Problem details — Pictures appear among the records. Write out all else exactly as it stands.

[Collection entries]
⁂
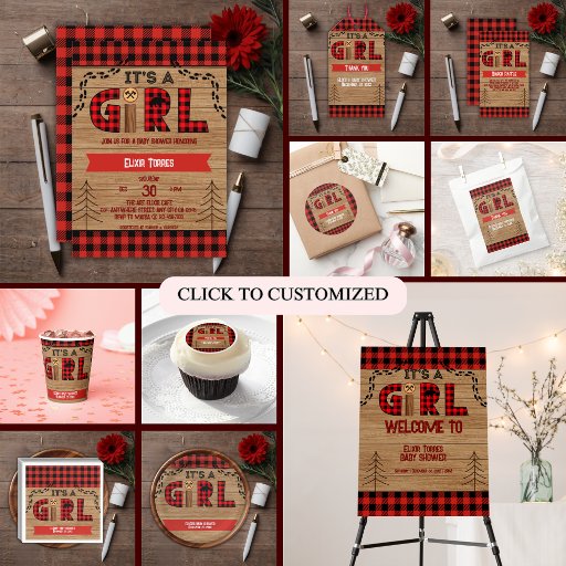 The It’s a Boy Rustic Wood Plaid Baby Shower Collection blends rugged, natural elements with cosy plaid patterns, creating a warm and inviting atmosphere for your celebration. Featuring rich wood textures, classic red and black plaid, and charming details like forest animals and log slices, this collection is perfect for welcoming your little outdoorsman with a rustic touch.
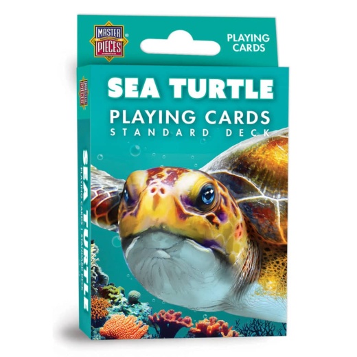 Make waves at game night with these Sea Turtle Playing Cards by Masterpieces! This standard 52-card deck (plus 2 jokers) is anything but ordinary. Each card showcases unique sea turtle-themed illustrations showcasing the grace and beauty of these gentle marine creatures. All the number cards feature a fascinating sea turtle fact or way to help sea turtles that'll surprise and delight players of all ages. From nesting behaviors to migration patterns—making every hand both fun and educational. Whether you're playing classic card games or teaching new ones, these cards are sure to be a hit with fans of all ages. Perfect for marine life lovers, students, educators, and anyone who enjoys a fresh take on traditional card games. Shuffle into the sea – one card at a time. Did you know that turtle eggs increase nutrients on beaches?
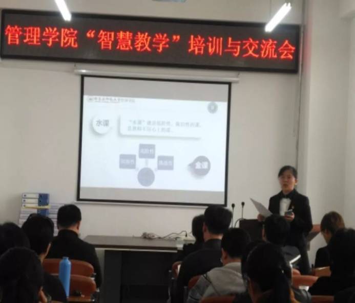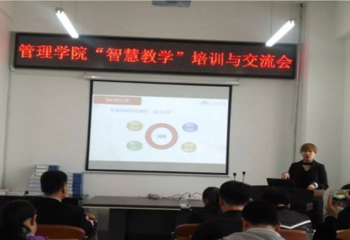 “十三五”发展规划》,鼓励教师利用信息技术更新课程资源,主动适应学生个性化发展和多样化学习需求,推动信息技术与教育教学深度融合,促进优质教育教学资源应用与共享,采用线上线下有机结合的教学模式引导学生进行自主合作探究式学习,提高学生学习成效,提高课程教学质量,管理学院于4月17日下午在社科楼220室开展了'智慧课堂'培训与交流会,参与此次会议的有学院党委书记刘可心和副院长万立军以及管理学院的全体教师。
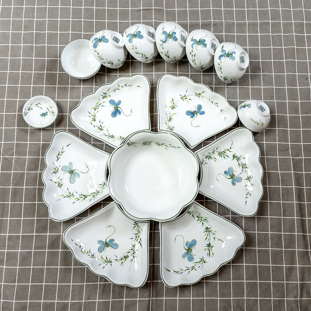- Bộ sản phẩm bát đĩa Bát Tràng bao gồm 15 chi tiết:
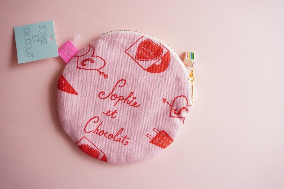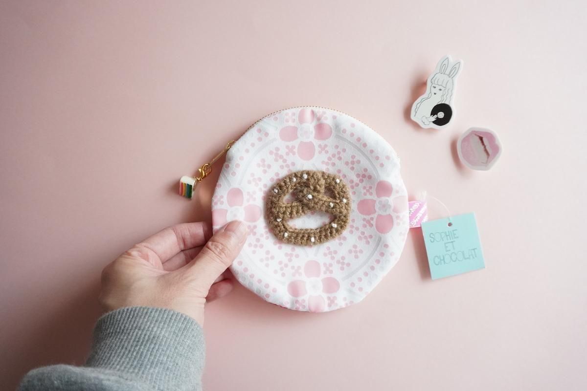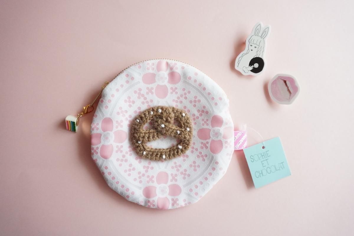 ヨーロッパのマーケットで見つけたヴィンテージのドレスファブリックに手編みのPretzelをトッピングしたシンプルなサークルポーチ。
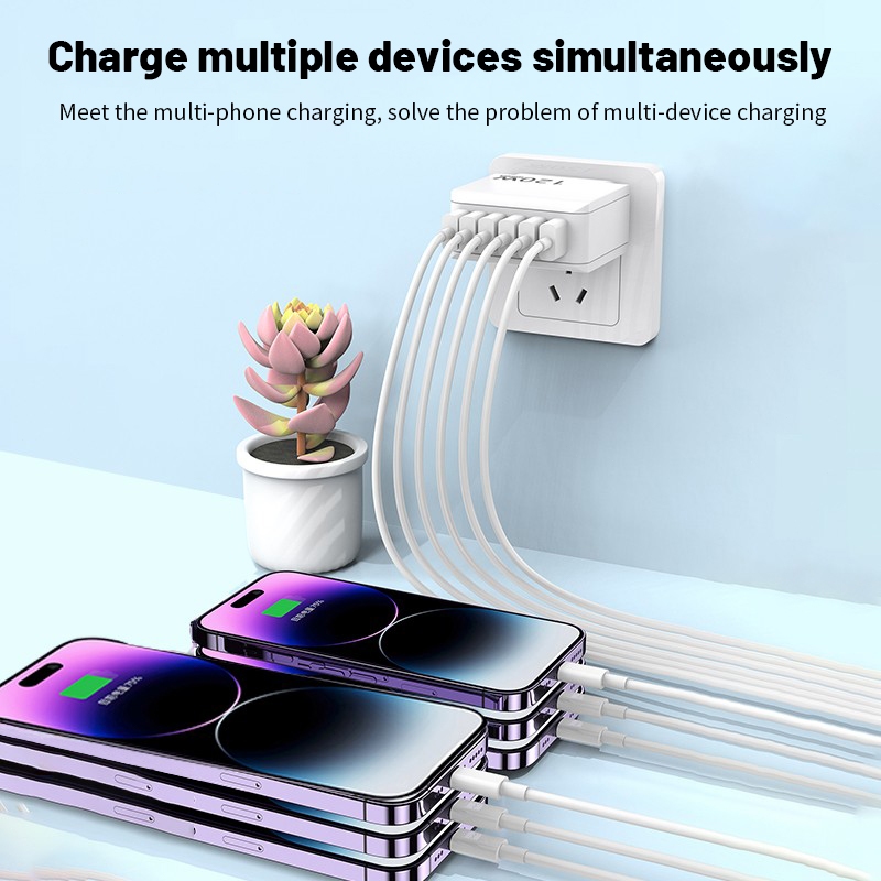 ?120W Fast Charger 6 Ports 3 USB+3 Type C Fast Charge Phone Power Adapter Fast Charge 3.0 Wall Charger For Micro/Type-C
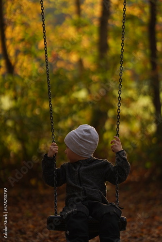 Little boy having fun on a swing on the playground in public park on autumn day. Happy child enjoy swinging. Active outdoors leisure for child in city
⁂
Expected answer —
 The It’s a Boy Rustic Wood Plaid Baby Shower Collection blends rugged, natural elements with cosy plaid patterns, creating a warm and inviting atmosphere for your celebration. Featuring rich wood textures, classic red and black plaid, and charming details like forest animals and log slices, this collection is perfect for welcoming your little outdoorsman with a rustic touch.
 Make waves at game night with these Sea Turtle Playing Cards by Masterpieces! This standard 52-card deck (plus 2 jokers) is anything but ordinary. Each card showcases unique sea turtle-themed illustrations showcasing the grace and beauty of these gentle marine creatures. All the number cards feature a fascinating sea turtle fact or way to help sea turtles that'll surprise and delight players of all ages. From nesting behaviors to migration patterns—making every hand both fun and educational. Whether you're playing classic card games or teaching new ones, these cards are sure to be a hit with fans of all ages. Perfect for marine life lovers, students, educators, and anyone who enjoys a fresh take on traditional card games. Shuffle into the sea – one card at a time. Did you know that turtle eggs increase nutrients on beaches?
 “十三五”发展规划》,鼓励教师利用信息技术更新课程资源,主动适应学生个性化发展和多样化学习需求,推动信息技术与教育教学深度融合,促进优质教育教学资源应用与共享,采用线上线下有机结合的教学模式引导学生进行自主合作探究式学习,提高学生学习成效,提高课程教学质量,管理学院于4月17日下午在社科楼220室开展了'智慧课堂'培训与交流会,参与此次会议的有学院党委书记刘可心和副院长万立军以及管理学院的全体教师。
- Bộ sản phẩm bát đĩa Bát Tràng bao gồm 15 chi tiết:
 ヨーロッパのマーケットで見つけたヴィンテージのドレスファブリックに手編みのPretzelをトッピングしたシンプルなサークルポーチ。
 ?120W Fast Charger 6 Ports 3 USB+3 Type C Fast Charge Phone Power Adapter Fast Charge 3.0 Wall Charger For Micro/Type-C
 Little boy having fun on a swing on the playground in public park on autumn day. Happy child enjoy swinging. Active outdoors leisure for child in city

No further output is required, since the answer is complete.